Le Festival de Cannes révèle une riche sélection qui sonne le grand retour du cinéma d’auteur
cinéma
La 74e édition de la prestigieuse manifestation a dévoilé un programme dense, avec 24 films en lice pour la Palme d’or. On y verra les nouveaux longs métrages de Nanni Moretti, Wes Anderson, Paul Verhoeven, Leos Carax, François Ozon ou encore Apichatpong Weerasethakul

Depuis 1946, le Festival de Cannes propose chaque année une sorte d’état des lieux du cinéma d’auteur mondial. Si on ajoute à sa sélection officielle (films en compétition et hors compétition, séances spéciales et programme Un Certain Regard) les sections parallèles que sont la Quinzaines des réalisateurs, la Semaine de la critique et l’Acid, la Croisette donne en quelque sorte chaque année le la de l’année cinéma à venir. Mais voilà qu’en 2020 – patatras! – la plus prestigieuse manifestation cinématographique du monde était pour la première fois de son histoire forcée au silence. En 1968, elle avait duré neuf jours avant d’être officiellement annulée sous la pression de cinéastes comme Jean-Luc Godard et François Truffaut, jugeant indécent sa tenue en plein mai 1968.

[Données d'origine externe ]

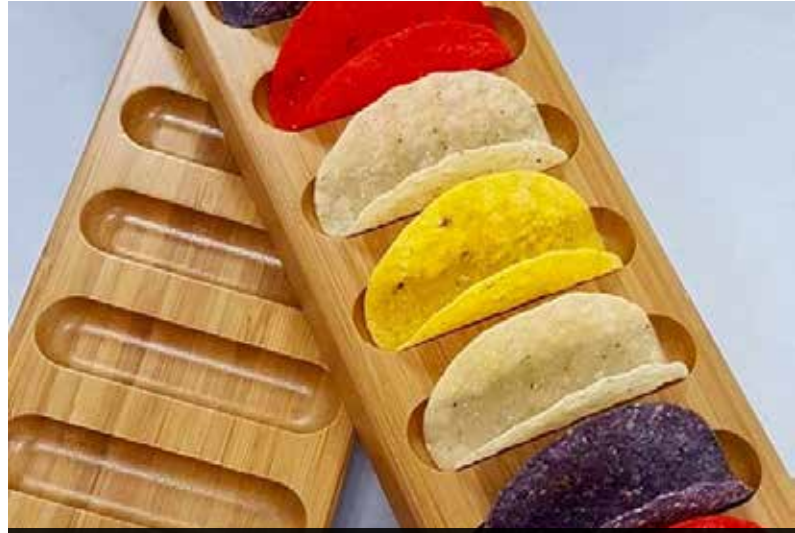
M9230 | Assorted Mini Taco Shells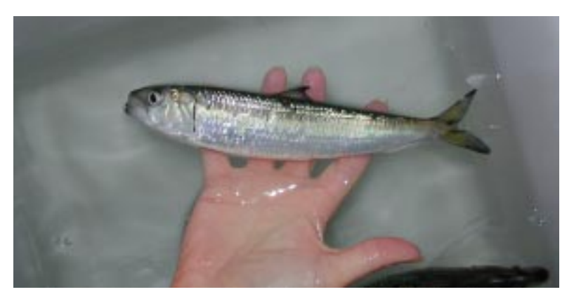
A healthy adult sardine (Sardinops sagax).

In 2001, a potentially lethal pathogen was identified in sardines landed in Southern California. The pathogen was found to be a rhabdovirus with similarities to the rabies virus. The virus attacks the lining of a fish's blood vessels causing hemorrhaging. Fish with these symptoms have what is known as viral hemorrhagic septicemia (VHS),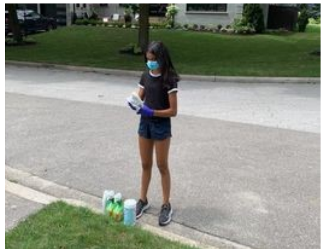
Curb-side pick-up for the Mississauga-Lakeshore Constituency Youth Council's annual toiletries drive to continue to support the Compass Food Bank.

Through the Rapid Housing Initiative, a $32.75 million investment was made for the construction of ~77 affordable homes in the Region of Peel. This includes $2.3 million for the Armagh Housing Expansion project, which will provide 10 new transitional housing units for women and their children fleeing domestic violence in our community.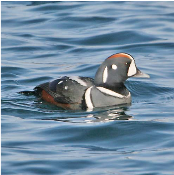
Harlequin Duck, and Brunnich's Guillemot, Hokkaido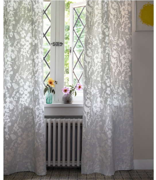
Shown above in Arctic on Logan White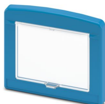
Housing frame, Hinged cover (transparent), color: blue (similar RAL 5015)

Please be informed that the data shown in this PDF document is generated from our online catalog. Please find the complete data in the user documentation. Our general terms of use for downloads are valid.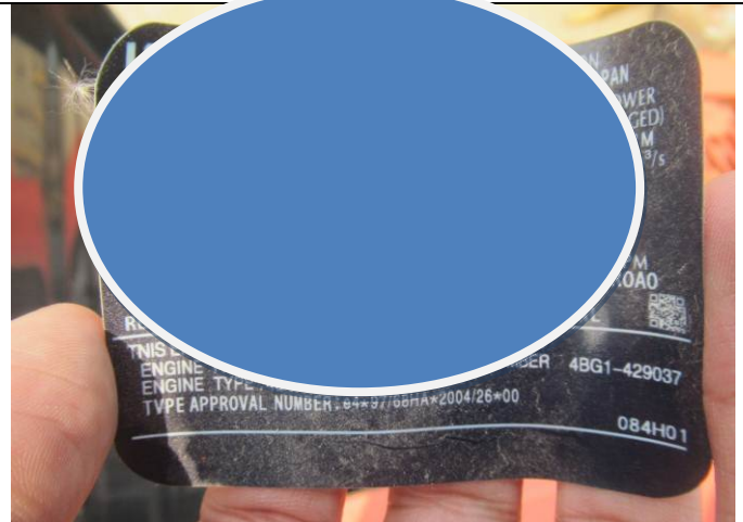
52 engine plate

Films de confinement, mais pas trop
Exceptionnellement déplacé cette année du printemps à l’été, le Festival de Cannes revient en conquérant. Du 6 au 17 juillet, il va en quelque sorte donner le départ d’un retour à la normale, avec dans son sillage un déferlement de films très attendus, à l’image par exemple de Benedetta, de Paul Verhoeven, et de The French Dispatch, qui avaient été sélectionnés en 2020 mais ont préféré patienter afin de bénéficier de la formidable vitrine et caisse de résonance du festival. Cannes annonce même le retour des grands blockbusters, avec la première mondiale d’un film qui sera montré au Cinéma de la Plage par un studio américain au grand public, et non pas uniquement aux accrédités. A suivre, car on sait simplement pour l’heure qu’il ne s’agit ni de Dune, de Denis Villeneuve, ni du West Side Story de Spielberg ou de Mourir peut attendre, le nouveau James Bond qui patiente depuis avril 2020.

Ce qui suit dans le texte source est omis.